The assertion that women are somehow incompetent to use a firearm or that the gun will be used against them is not supported by existing data. There are between 15 million and 20 million women who own firearms in the U.S. According to nationally-acclaimed criminologist and ACLU member Gary Kleck, firearms are used in self-defense 2.5 million times a year, and in 48 percent of those incidents, the defenders are women. He also found in an analysis of data from the Department of Justice (1979-1985 National Crime Survey data) that victims who defended themselves with a gun had the least chance of being injured. Doing nothing or physical resistance other than with a gun had higher probabilities of injury.

You don't have to "worship" a gun to understand that it is a powerful deterrent to an attack. That's why the police carry guns, not restraining orders. And while the oft-quoted statistic that guns are more likely to be found in the home of domestic violence victims than other homes may be true, it's ridiculous to conclude that the gun caused the crime. Since needles for insulin injection are often found in the home of diabetics, should we conclude that needles are a cause of diabetes?
J.E. Stone Parker

Pick up the phone
Bob Geary seemed almost proud that he felt he did not need to call David Price, Bob Etheridge and Brad Miller before condemning their votes against the DeLauro amendment (Citizen, July 6).

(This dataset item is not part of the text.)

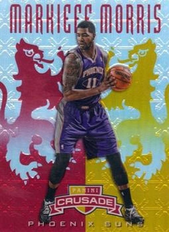 The Markieff Morris 2012 Crusade #65 Prizm Red & Gold /99 Rookie card is 1 of 8 Markieff Morris' card variations in the 2012 Crusade set being tracked by Sports Card Investor, including Prizm Blue & Gold, Prizm Purple & Gold /49, Prizm Green & Gold /25, Prizm Gold /10, and Prizm Black /1.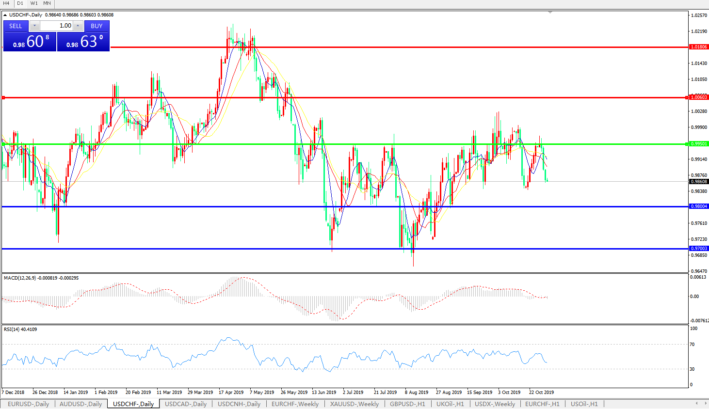 交易策略:0.9950下方看跌,目标0.9800、0.9700

Unlike Geary, I suspected there might be more to the story. So I contacted Rep. Price's office and learned that the amendment would forbid the United States from doing business with any company chartered in Bermuda, Barbados, the Cayman Islands, Antigua or Panama. The amendment made no distinction between companies that had originally been based in the U.S. and those that were never U.S.-based. Does that sound like sensible, fair public policy?

Geary said, "...while I don't have time to call our members' offices, why should I?" Hmmm....

While I'm writing, I also would like to add a note to the Indy's June 29 story on the Durham Farmers' Market ("Durham Farmers' Market to break ground"). Rep. Price in 2004 secured a $100,000 Economic Development Initiative grant to help build the market. This was the market's first large funding commitment.
Davis Beck

An article last week about the Durham Bulls Youth Athletic League ("Home Field Advantage," July 20) incorrectly referred to Durham Police Department street worker James Blackburn as an officer. He is not a sworn officer.